WHAT THE TASK REQUIRES
The answer must be only the lines below from the one holding "更换下来的原厂旧火花塞,建议大家3.5w-4w以内早早更换吧,换下来锈迹斑斑。" down to the one holding "The march upstream", ends included, printed exactly; please omit all pictures.

SOURCE INFORMATION
^^^^^^^^

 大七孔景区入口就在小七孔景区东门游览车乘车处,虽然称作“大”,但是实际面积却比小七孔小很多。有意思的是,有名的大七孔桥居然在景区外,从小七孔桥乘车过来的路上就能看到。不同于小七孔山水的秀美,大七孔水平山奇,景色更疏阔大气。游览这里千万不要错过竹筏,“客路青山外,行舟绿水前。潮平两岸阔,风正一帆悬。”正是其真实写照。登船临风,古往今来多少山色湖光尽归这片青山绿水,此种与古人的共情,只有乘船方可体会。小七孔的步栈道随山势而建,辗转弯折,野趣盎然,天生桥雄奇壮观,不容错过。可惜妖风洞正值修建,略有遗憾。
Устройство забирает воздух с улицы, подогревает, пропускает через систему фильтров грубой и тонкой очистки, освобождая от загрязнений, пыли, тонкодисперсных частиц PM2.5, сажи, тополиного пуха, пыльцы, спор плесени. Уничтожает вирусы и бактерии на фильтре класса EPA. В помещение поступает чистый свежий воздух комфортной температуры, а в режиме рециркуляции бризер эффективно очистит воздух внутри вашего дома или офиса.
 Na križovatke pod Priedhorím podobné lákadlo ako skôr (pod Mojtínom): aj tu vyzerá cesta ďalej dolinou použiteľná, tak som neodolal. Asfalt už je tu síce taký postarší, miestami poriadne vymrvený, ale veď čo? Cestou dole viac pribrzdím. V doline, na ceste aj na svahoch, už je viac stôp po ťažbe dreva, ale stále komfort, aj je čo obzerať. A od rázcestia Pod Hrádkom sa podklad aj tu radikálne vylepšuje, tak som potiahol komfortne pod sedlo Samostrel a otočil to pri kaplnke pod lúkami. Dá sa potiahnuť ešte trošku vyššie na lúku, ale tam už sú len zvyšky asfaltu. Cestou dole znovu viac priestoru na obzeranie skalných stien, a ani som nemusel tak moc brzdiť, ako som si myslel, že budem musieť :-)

^^^^^^^^

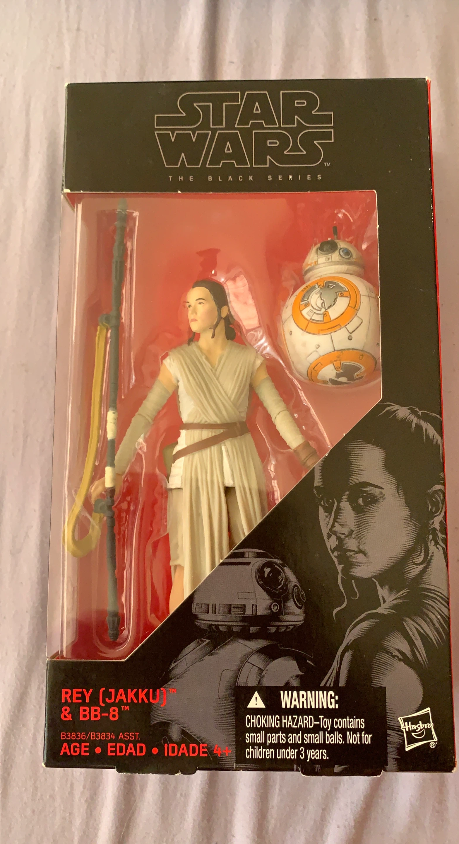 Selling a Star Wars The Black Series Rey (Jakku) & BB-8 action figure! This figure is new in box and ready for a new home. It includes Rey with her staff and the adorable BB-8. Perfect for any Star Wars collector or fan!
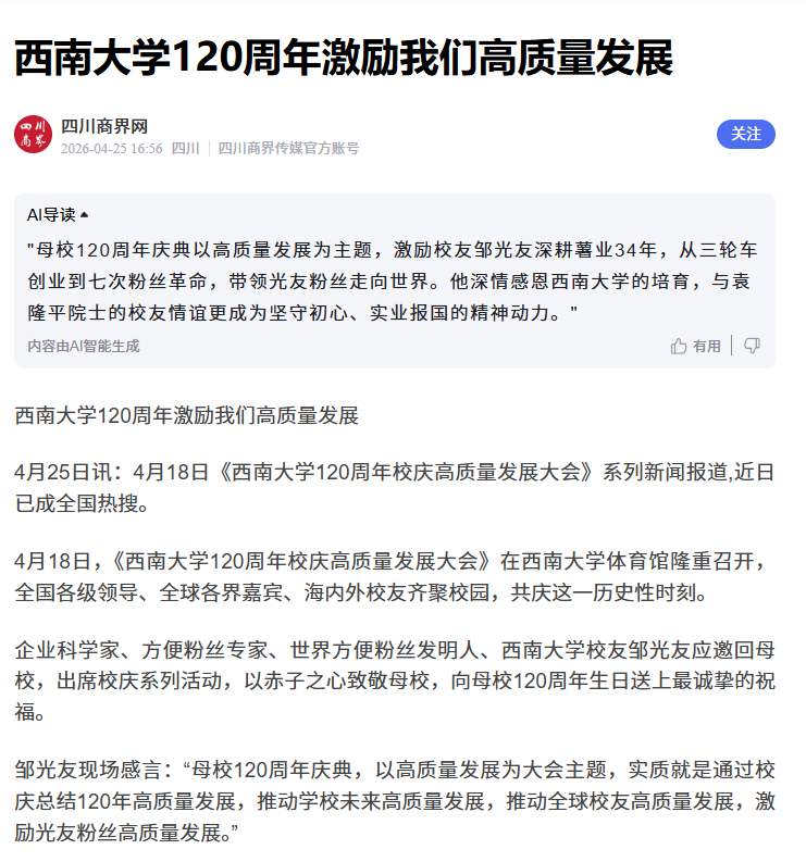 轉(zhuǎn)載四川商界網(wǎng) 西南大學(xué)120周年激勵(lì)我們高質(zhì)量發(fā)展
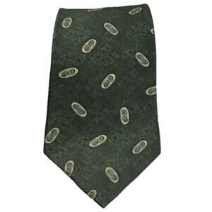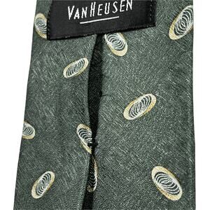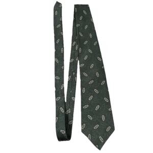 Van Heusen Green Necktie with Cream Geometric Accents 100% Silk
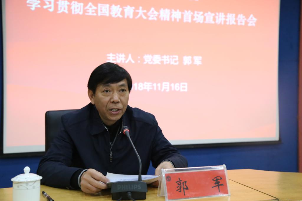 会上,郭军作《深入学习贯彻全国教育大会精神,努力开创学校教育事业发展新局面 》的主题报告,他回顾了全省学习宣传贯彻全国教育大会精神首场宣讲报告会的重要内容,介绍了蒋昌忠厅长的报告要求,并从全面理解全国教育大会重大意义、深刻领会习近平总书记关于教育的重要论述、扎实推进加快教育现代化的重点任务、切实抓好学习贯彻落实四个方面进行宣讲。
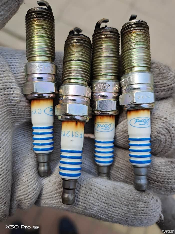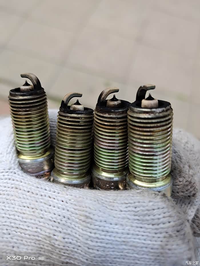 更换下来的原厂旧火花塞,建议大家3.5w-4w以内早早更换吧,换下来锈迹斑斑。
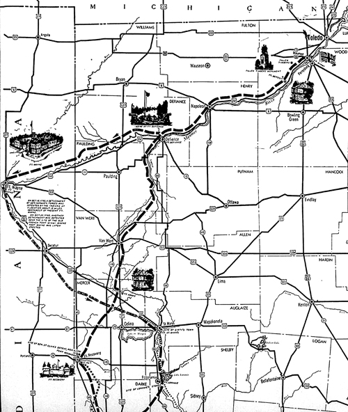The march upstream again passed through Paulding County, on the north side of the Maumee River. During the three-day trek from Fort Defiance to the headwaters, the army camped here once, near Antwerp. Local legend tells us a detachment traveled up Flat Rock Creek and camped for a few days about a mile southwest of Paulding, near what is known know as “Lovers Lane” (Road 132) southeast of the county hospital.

^^^^^^^^

WORKED SOLUTION
 更换下来的原厂旧火花塞,建议大家3.5w-4w以内早早更换吧,换下来锈迹斑斑。
The march upstream again passed through Paulding County, on the north side of the Maumee River. During the three-day trek from Fort Defiance to the headwaters, the army camped here once, near Antwerp. Local legend tells us a detachment traveled up Flat Rock Creek and camped for a few days about a mile southwest of Paulding, near what is known know as “Lovers Lane” (Road 132) southeast of the county hospital.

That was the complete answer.